COMP 3115 Exploratory Data Analysis and Visualization
Lecture 5: Basic Data Visualization Dr.
§ More about Matplotlib
§ Visualize Data Distribution – Histogram
Copyright By PowCoder代写 加微信 powcoder
– Quantile Plots
§ Scatterplot § Line Chart
Quantile Plots
Scatterplot
Line Chart
Visualization using Matplotlib
§ A popular plotting library in Python.
§ Provides a set of drawing APIs through the pyplot module, and hides the
complex structure composed of many drawing objects within this set of APIs.
§ To install (https://matplotlib.org/stable/users/installing/index.html):
§ Use Anaconda’s GUI
§ With Conda: conda install matplotlib
§ With PyPl (Python Package Index): pip install -U matplotlib
§ Reference:
§ Examples: https://matplotlib.org/gallery/index.html
§ User guide: https://matplotlib.org/tutorials/index.html
np.linspace(start, stop, num) returns a one-dimensional ndarray with num evenly spaced samples over the interval ‘[start, stop]’.

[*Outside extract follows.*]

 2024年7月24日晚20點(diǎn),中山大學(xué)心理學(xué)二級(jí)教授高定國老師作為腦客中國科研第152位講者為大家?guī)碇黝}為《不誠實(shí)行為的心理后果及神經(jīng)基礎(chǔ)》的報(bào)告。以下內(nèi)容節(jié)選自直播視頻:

Styling Line Plot: Line Colors
Styling Line Plot: Line Style
Styling Line Plot: Axes limits
Styling Line Plot: Label
§ A figure can have many kinds of labels § – figure title: plt.title()

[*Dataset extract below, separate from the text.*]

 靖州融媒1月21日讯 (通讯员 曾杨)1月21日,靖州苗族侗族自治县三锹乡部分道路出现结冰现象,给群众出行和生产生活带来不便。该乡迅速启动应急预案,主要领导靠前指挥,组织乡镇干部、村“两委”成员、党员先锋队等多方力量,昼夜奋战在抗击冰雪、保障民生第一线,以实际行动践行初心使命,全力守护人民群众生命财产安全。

§ – axis labels: plt.xlabel(), plt.ylabel()
§ – legends: plt.legend()
Styling Line Plot: Simple Legend
More about scatter plots
More Symbols for Scatter Plots
Plot Bar Chart with plt.bar()
Plot Error Bars by plt.errorbar()
Plot Pie Chart with plot.pie()
Visualize Data Distribution
§ The ability to visualize the distribution shape in exploratory data analysis is important.
§ First, we can use it to summarize a data set to better understand general characteristics such as shape, spread, or location. In turn, this information can be used to suggest transformations or probabilistic models for the data.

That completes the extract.